Only one party in Virginia has a recent history of running candidates who engaged in what leftists have deemed irredeemable racism. The Washington Post pretended it was Republicans in the form of businessman Glenn Youngkin.

Those who followed the paper’s coverage throughout the season are likely well-acquainted with Youngkin’s pledge to ban critical race theory in schools, a form of systemic racism that indoctrinates students to see the entire world through a racial lens.

“Youngkin is using the critical race theory bogeyman to rile up the Trumpian base,” headlined a September editorial casting the Republican candidate’s crusade against racist education as itself, racist.

“There’s little mystery about what impels Mr. Youngkin’s false statements,” Post editors wrote after denying the presence of critical race theory in K-12 curriculums, despite the numerous examples Republicans have exposed. The paper indicted Youngkin’s motivation as “dovetail[ing] with national Republicans’ strategy of using the critical race theory bogeyman to foment racial resentments among the GOP’s heavily White voting base.”

The McAuliffe campaign talking point that critical race theory is not in schools is a lie, by the way, regurgitated by NPR and CNN as late as the morning of Election Day despite McAuliffe’s own Department of Education’s demand that teachers “embrace critical race theory.”

Another opinion piece published in the Post on Monday suggested that calling Youngkin’s campaign against state-sponsored racism in schools a “dog whistle” wasn’t going far enough.

“Youngkin has no secret agenda here,” Post columnist Paul Waldman insisted after citing Democrat candidate Terry McAuliffe’s charge that Youngkin is employing racist coded language. “[Youngkin] isn’t using subtle hints to appeal to a subset of the electorate while everyone else remains blissfully ignorant. We all know what he’s doing.”

In October, the Post ran a news piece that suggested Youngkin was “antisemitic” for mentioning George Soros and a “perspective” piece which lied about the candidate’s position on Toni Morrison’s book, “Beloved.”
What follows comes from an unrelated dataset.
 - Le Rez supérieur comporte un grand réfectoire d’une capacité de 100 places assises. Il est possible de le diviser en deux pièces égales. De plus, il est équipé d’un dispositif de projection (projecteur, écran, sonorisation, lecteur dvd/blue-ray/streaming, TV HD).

Headlined, “Banning Toni Morrison’s books doesn’t protect kids. It just sanitizes racism,” the article accused Republicans of running a campaign to ban the Pulitzer Prize-winning work from classrooms along with any education on the history of slavery.
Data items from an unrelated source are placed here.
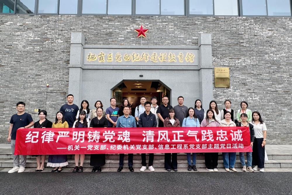为进一步强化党员的纪律意识与规矩意识,推动纪律教育走深走实,10月16日,机关一党支部、纪委机关党支部和信息工程系党支部前往南京市栖霞区党的纪律建设教育馆联合开展了“纪律严明铸党魂,清风正气践忠诚”主题党日活动。此次活动通过实地参观学习,让党员们在直观感受中深化对党的纪律建设重要性的认识,汲取纪律力量,锤炼党性修养。
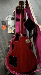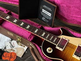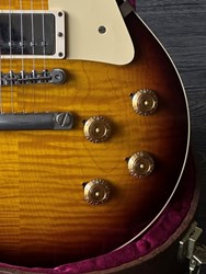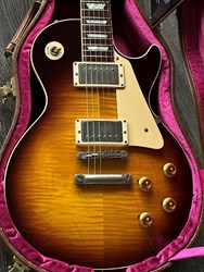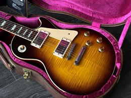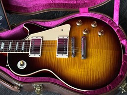 This model is a high-end re-creation of the original 1958 Les Paul Standard. It features premium tonewoods and historic-accurate construction methods. The body is solid mahogany with a two-piece flamed maple top. The neck is also mahogany, fitted with an Indian rosewood fingerboard. The finish is nitrocellulose lacquer with a VOS (“Vintage Original Spec”) treatment, meaning it’s lightly aged and buffed to a gently worn appearance rather than a high gloss new look.
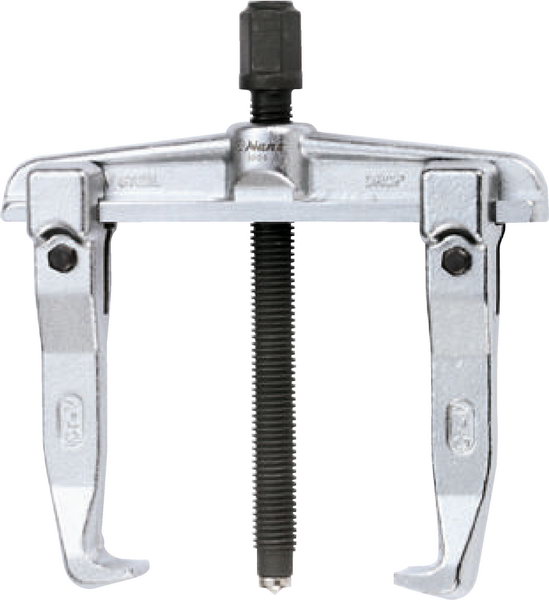 Универсальный съемник с двумя захватами «американского типа» является одним из наиболее простых и в то же время, удобных в применении типов съемников. Захваты свободно перемещаются по направляющим траверсы, сохраняя одинаковую площадь пятна контакта лапок с демонтируемой деталью. При нагрузке захваты заклиниваются на направляющих, что предотвращает соскальзывание лапки с демонтируемой детали. Съемник также можно использовать для внутреннего захвата детали. Захваты изготовлены из хромованадиевой стали путем ковки. Ходовой винт изготовлен из хромомолибденовой стали.
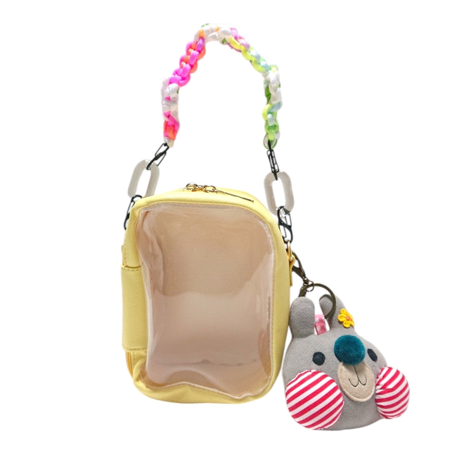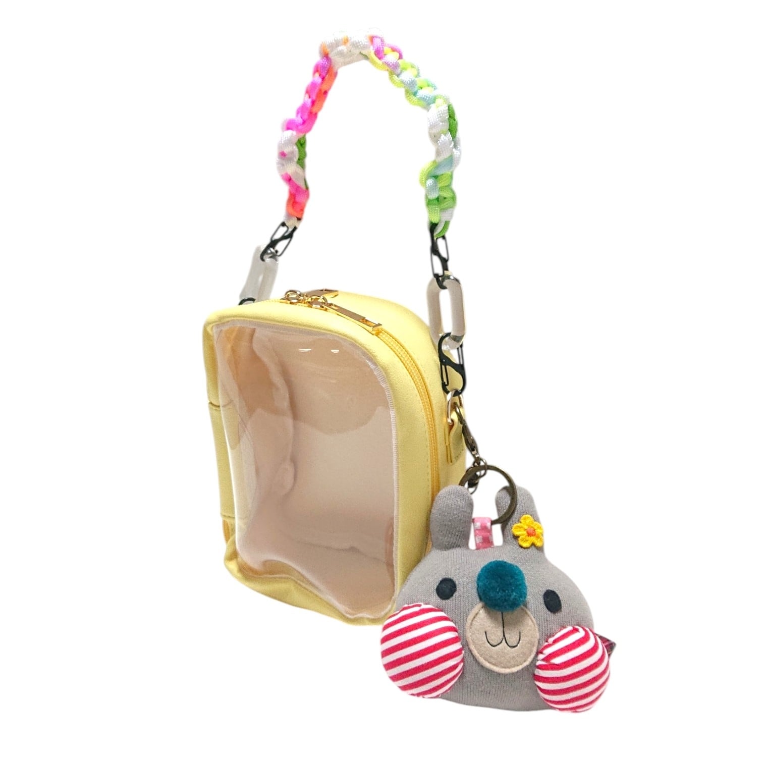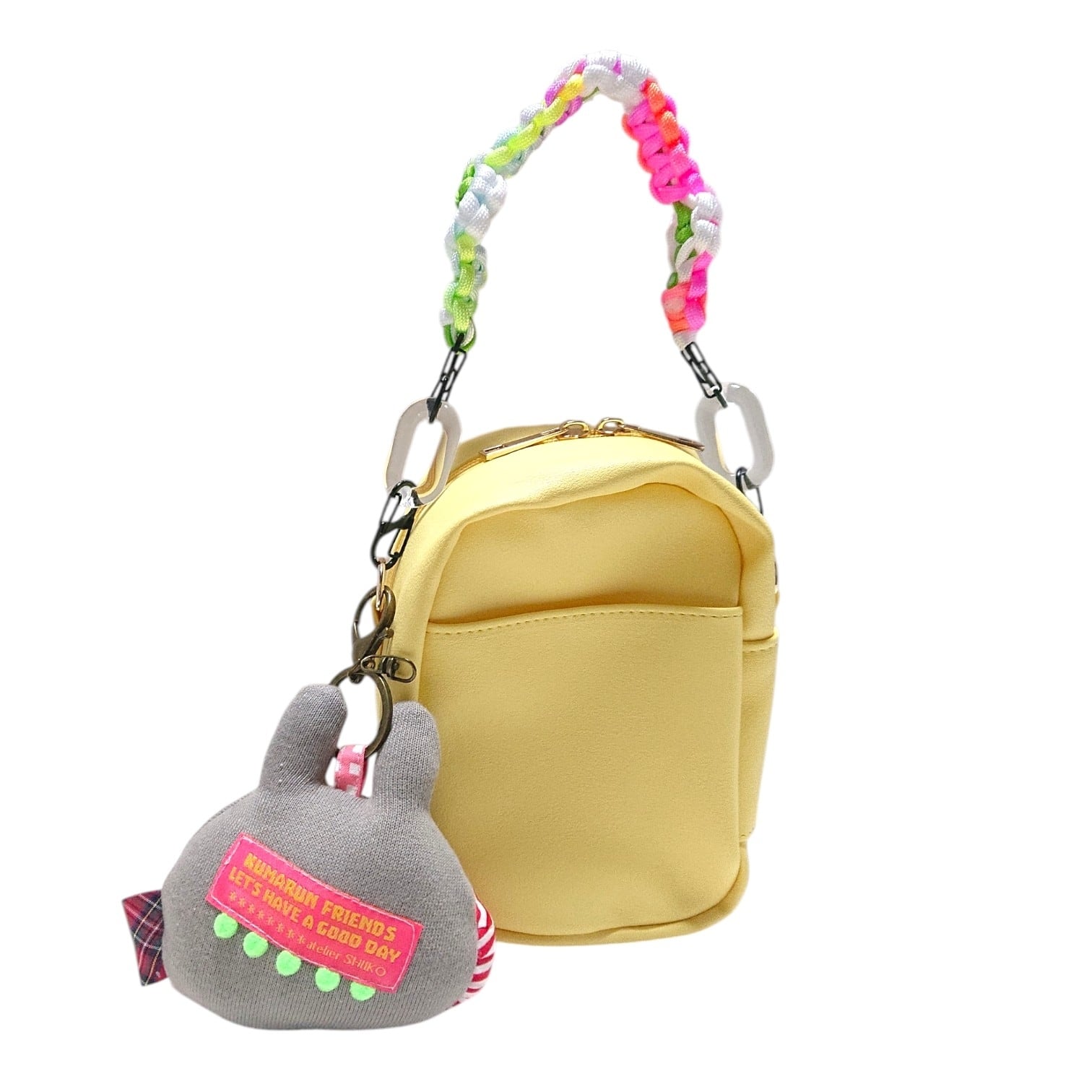 うさるんの可愛いキーホルダーと、持ち手もお花モチーフデザインの可愛いぬいぐるみポーチは裏面にポケットもついていて便利です。ぬいぐるみポーチと同色の持ち手も一緒にお付けしてお届け致します。

“In this instance, those who criticize ‘Beloved’ and want to ban what they call critical race theory claim that any works addressing the country’s history of racial inequality and violence pose a threat to impressionable young minds,” wrote Columbia literature Professor Farah Jasmine Griffin.

But Republicans, including Younkin, aren’t endorsing the erasure of history from classrooms — in stark contrast to the far-left revolutionaries engaged in the nationwide destruction of statues. Youngkin ran an ad attacking McAuliffe for twice vetoing bipartisan legislation as governor that would have given parents the choice to opt their children out of being assigned to read the sexually explicit text.

The Washington Post ran a “fact-check” of that too which complained it lacked context.

The debate over Morrison’s book highlighted Youngkin’s platform to give parents a voice in their children’s education compared to McAuliffe who, on the debate stage in September, pledged “I’m not going to let parents come into schools and actually take books out and make their own decision.”

Yet while Youngkin was tarred as a racist Republican who sought to ban history from the classroom while running on a cooked-up conspiracy against critical race theory, the Post ignored the Democrats’ own costume history.

After McAuliffe demanded Virginia Democrat Gov. Ralph Northam resign over past photos of Northam dressed in either blackface or as a Ku Klux Klansmen, McAuliffe now celebrates his support. McAuliffe is also campaigning with Attorney General Mark Herring on the same ticket with the Post’s endorsement, despite Herring previously admitting to wearing blackface.